Results and Discussion

Decision latency analyses excluded incorrect responses. Decision latencies greater than three standard deviations above the grand mean were replaced by the cutoff value (less than 2% of the scores). Nine participants (2 from the 800-msec SOA, 3 from 1,600 msec, and 4 from 2,000 msec) had mean decision latencies three standard deviations above the grand mean and were excluded. Eight participants (2 from the 400-msec SOA, 2 from 800 msec, 3 from 1,600 msec, and 1 from 2,000 msec) had error rates exceeding three standard deviations above the grand mean for each condition and were excluded.
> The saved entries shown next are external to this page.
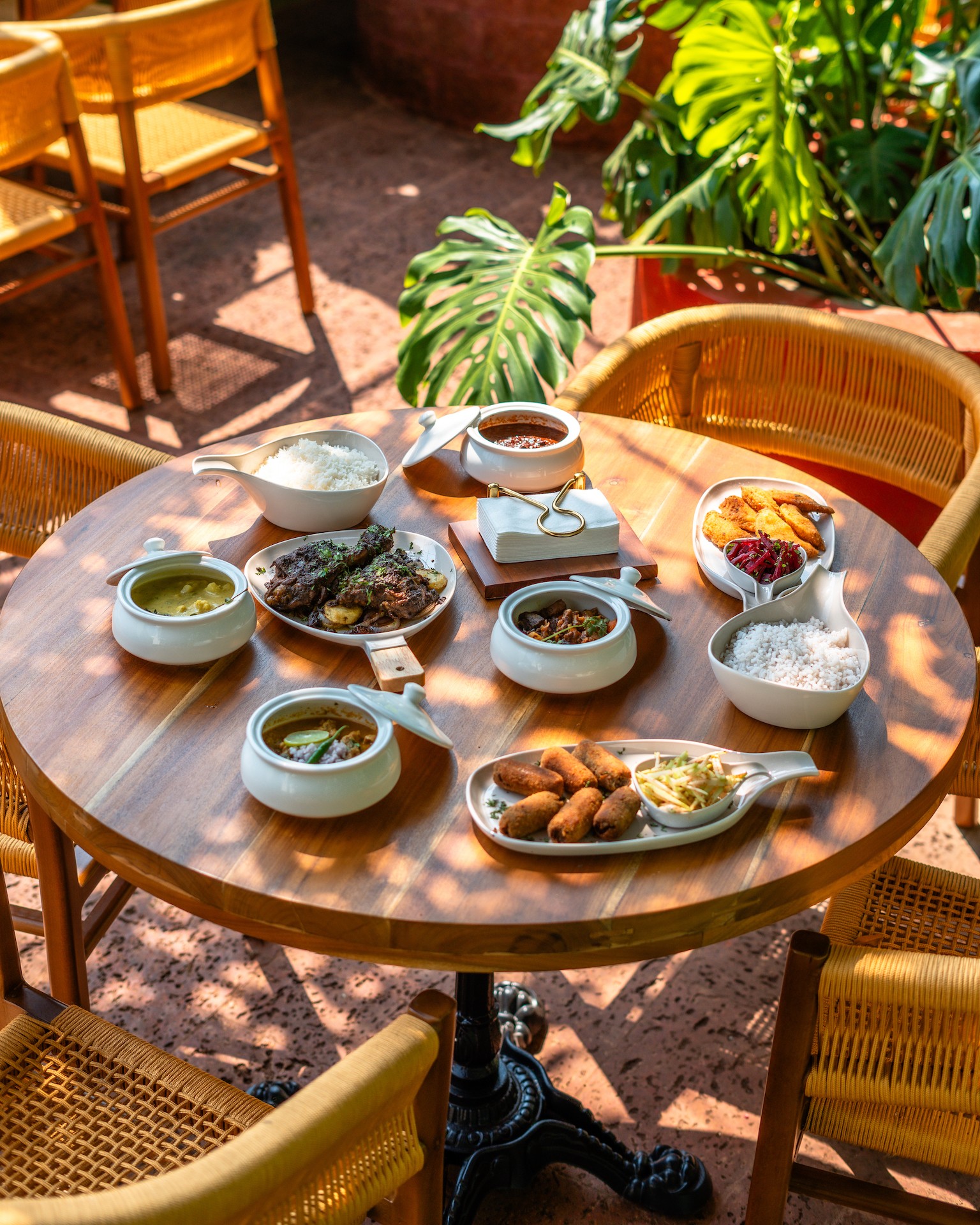 The weathered Portuguese door creaks open, and suddenly you’re in another era. Inside, it’s all muted nostalgia, terracotta floors that softly creak underfoot, walls wearing their age like vintage lace, and cane lights glowing in a way that’s neither too earnest nor too affected. The kind of place where the walls whisper stories of Goa’s entangled history, Portuguese sailors, African traders, Indian spice merchants, all leaving their footprints on the menu. Wander further, and you’ll find a little hidden garden, starring an ancient chiku tree that’s still been generous enough to bear fruit, as if whispering secrets from its roots.
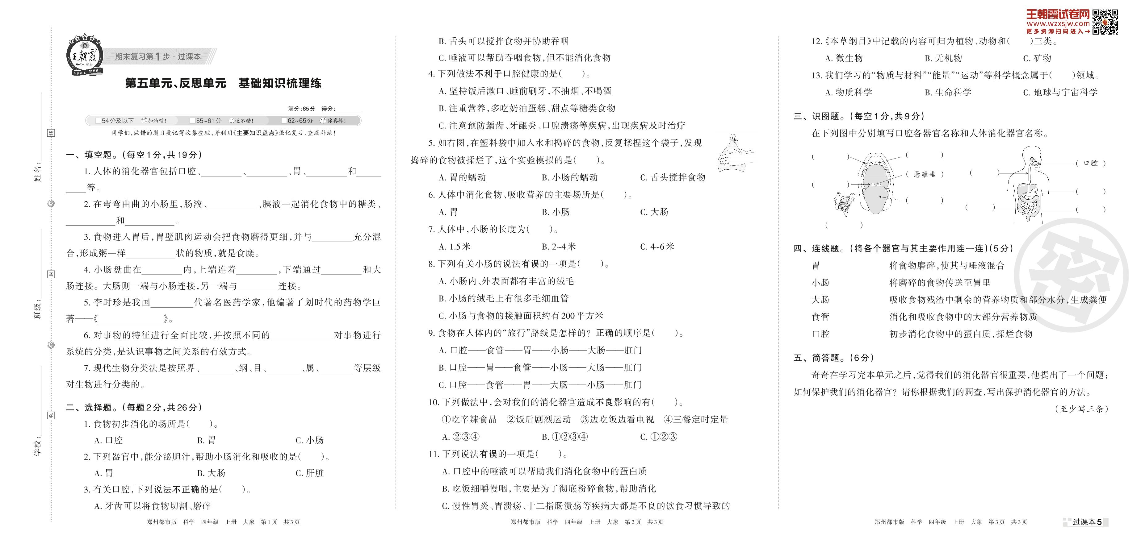 王朝霞期末过课本——第五单元、反思单元 基础知识梳理练四年级上册科学(大象版)
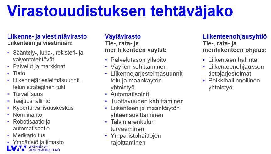 Liikenteenohjausyhtiöön (Traffic Management Finland Oy) siirrettäisiin ELY-keskuksista tieliikennetelematiikan ja asiakaspalvelukeskuksen tehtävät 1 päivänä tammikuuta 2021.
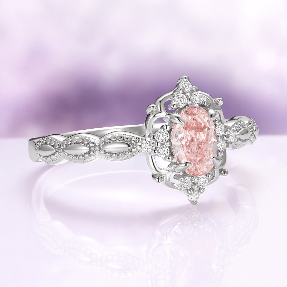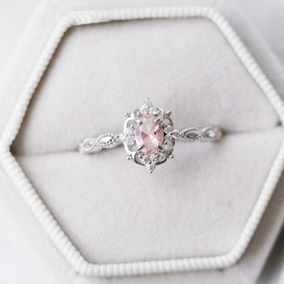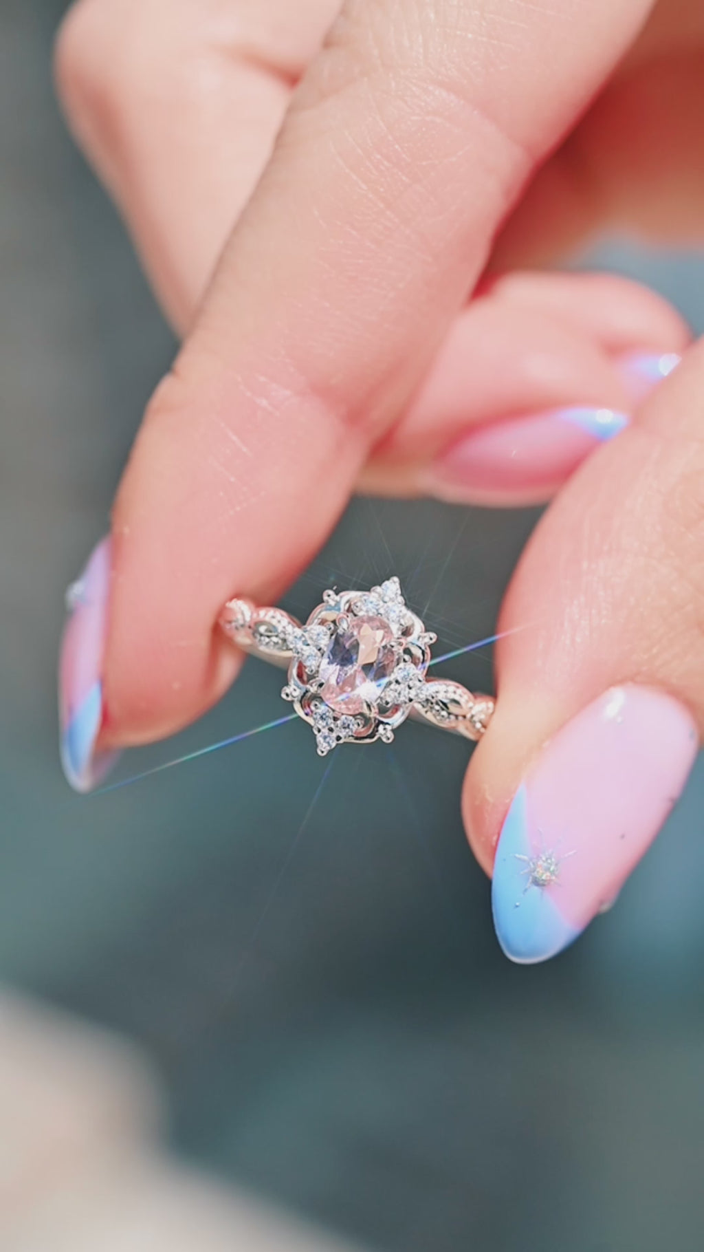 ► Her Ring: Elegant and romantic, her 925 solid sterling silver engagement ring showcases a sparkling 6x4mm (approx. 0.5 ct) simulated morganite center stone, accented by shimmering simulated diamonds (CZ). The vintage-inspired detailing celebrates love, devotion, and timeless elegance.
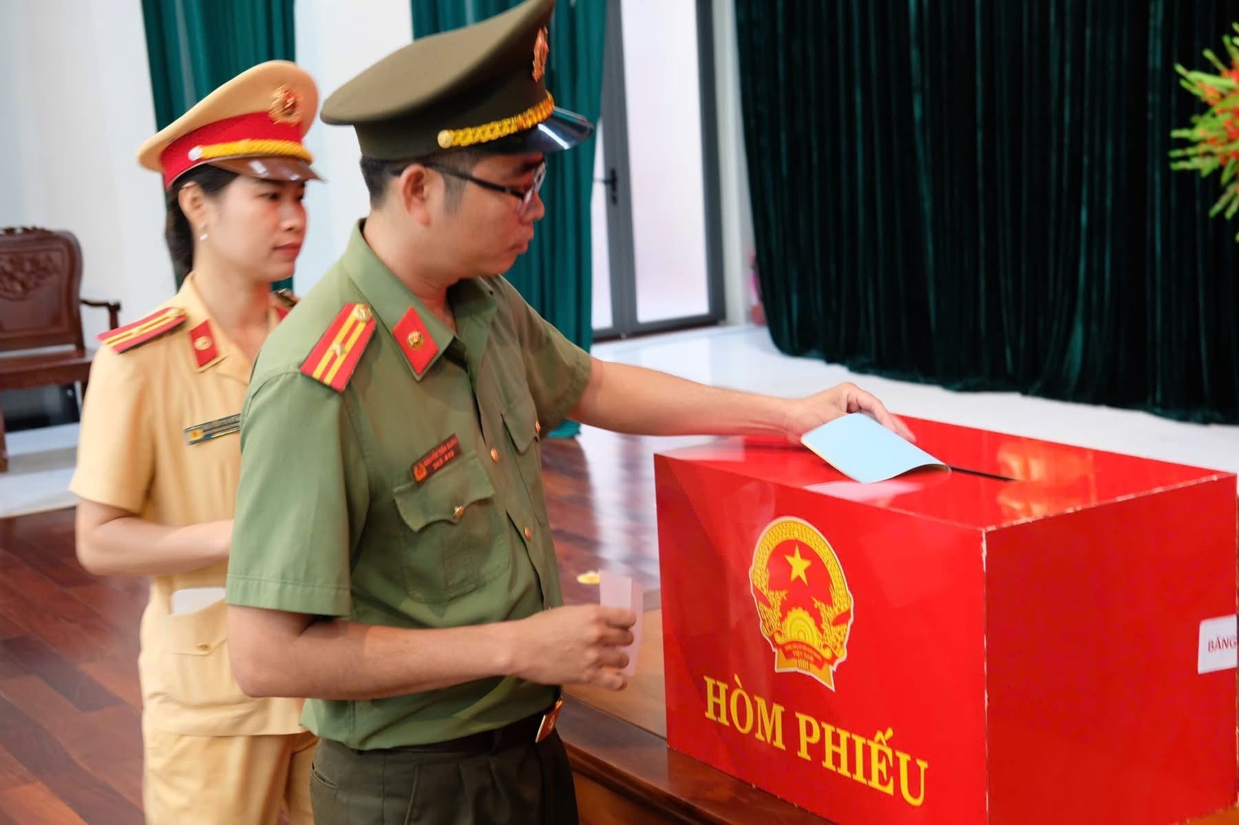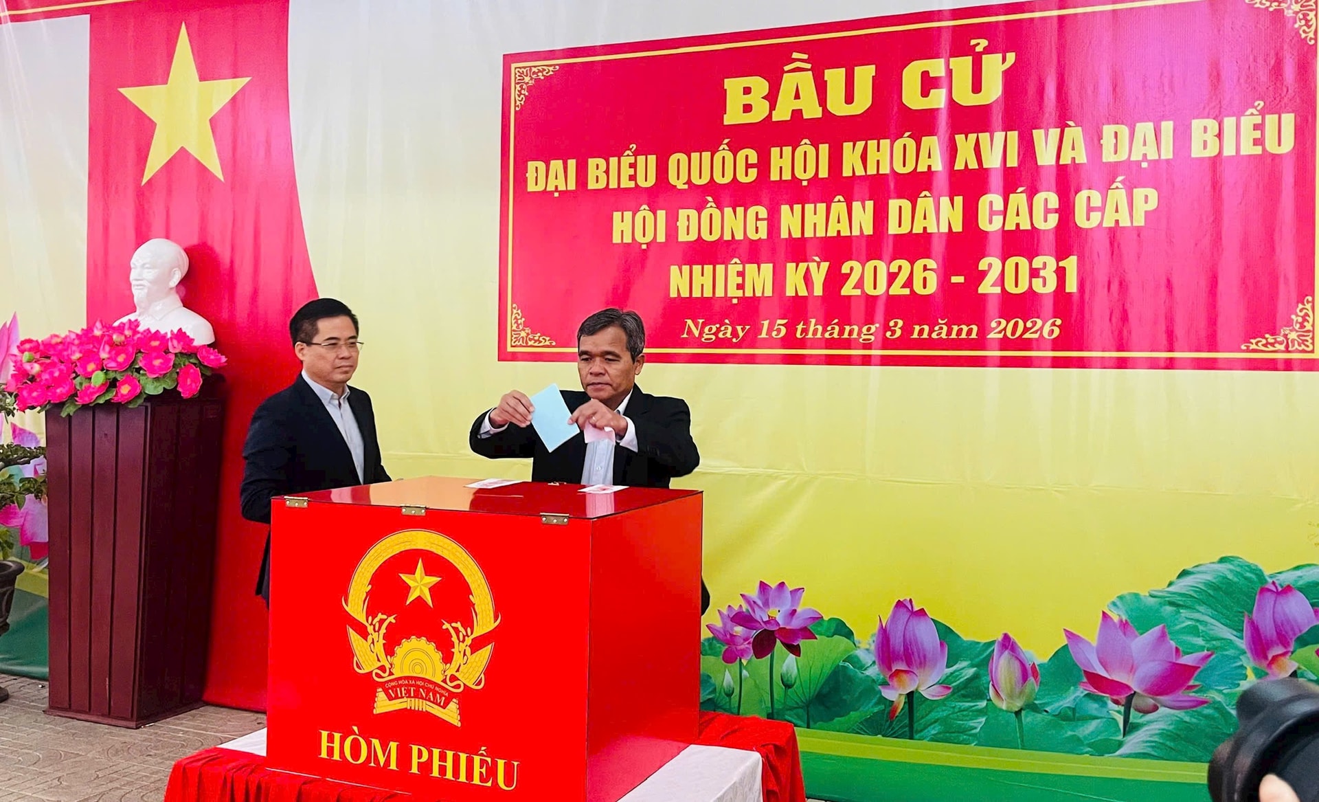Sau lễ chào cờ trang nghiêm, tổ bầu cử tiến hành kiểm tra và niêm phong hòm phiếu theo đúng quy định. Bí thư Tỉnh ủy Hồ Văn Niên và Chủ tịch UBND tỉnh Nguyễn Hoàng Giang đã bỏ những lá phiếu đầu tiên, thể hiện trách nhiệm và nghĩa vụ của công dân đối với sự kiện chính trị quan trọng của đất nước.
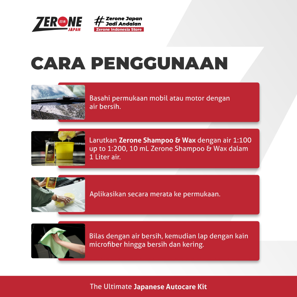 Zerone Japan Paket Lengkap Shampoo Sabun Cuci Mobil Motor Efek Daun Talas
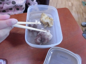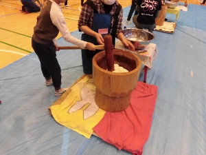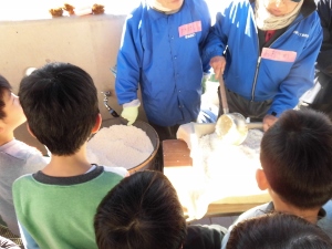 桜小で、寒餅会が始まった理由を事前に紙芝居で学習し、当日もお米が餅になる過程を見学させてもらいました。

Table 1 presents the mean decision latencies and proportions of errors at each SOA. Overall, related feature pairs M = 1,031 msec, SE = 18 msec) were responded to more quickly than unrelated pairs M = 1,315 msec, SE = 31 msec) [F1(1, 180) = 275.94, p < .001; F2(1,128) = 82.04, p < .001]. Relatedness interacted with SOA because the relatedness effect ranged from 391 msec at the 400-msec SOA to 225 msec at the 1,200-msec SOA [F1(4,180) = 3.35, p < .05; F2(4,512) = 18.98, p < .001]. The relatedness effect did not vary monotonically over SOA, since it increased to 304 msec at an SOA of 1,600 msec. Planned comparisons showed that related feature pairs were responded to more quickly than unrelated feature pairs at all five SOAs: 400 msec [F1(1,180) = 114.55, p < .001; F2(1,182) = 129.33, p < .001], 800 msec [F1(1,180) = 37.45, p < .001; F2(1,182) = 50.52, p < .001], 1,200 msec [F1(1,180) = 36.03, p < .001; F2(1,182) = 41.50, p < .001], 1,600 msec [F1(1,180) = 62.32, p < .001; F2(1,182) = 81.78, p < .001], and 2,000 msec [F1 (1,180) = 42.82, p < .001;F2(1,182) = 54.91, p < .001]. Finally, mean decision latencies varied across SOAs (400 msec, M = 1,302 msec, SE = 66 msec; 800 msec, M = 1,092 msec, SE = 51 msec; 1,200 msec, M = 1,101 msec, SE = 48 msec; 1,600 msec, M = 1,194 msec, SE = 53 msec; 2,000 msec, M = 1,165 msec, SE = 32 msec) [F1(4,180) = 2.78, p < .05; F2(4,512) = 122.77, p < .001].

Table 1.

Mean Decision Latencies (in Milliseconds) and Error Rates for Experiment 3 Related and Unrelated Pairs

Decision Latency
Proportion of Errors
Unrelated
Related
Unrelated
Related
SOA M SE M SE Difference M SE M SE Difference
400 1,498 84 1,107 52 391 .08 .01 .06 .01 .02
800 1,212 64 973 40 239 .05 .10 .07 .01 −.02
1,200 1,214 62 989 36 225 .05 .01 .05 .01 .0
1,600 1,346 73 1,042 36 304 .07 .01 .07 .01 0
2,000 1,291 42 1,039 27 252 .05 .01 .06 .01 −.01

There were no significant effects for error rates, mainly because—importantly—participants made few errors, being able to reliably distinguish between related versus unrelated feature pairs [for relatedness, both Fs < 1; for SOA, F1(4,180) = 1.70, p > .2; F2(4,512 = 5.72, p < .001; for the interaction, F1(4,180) = 1.13, p > .3; F2(4,512) = 1.26, p > .2].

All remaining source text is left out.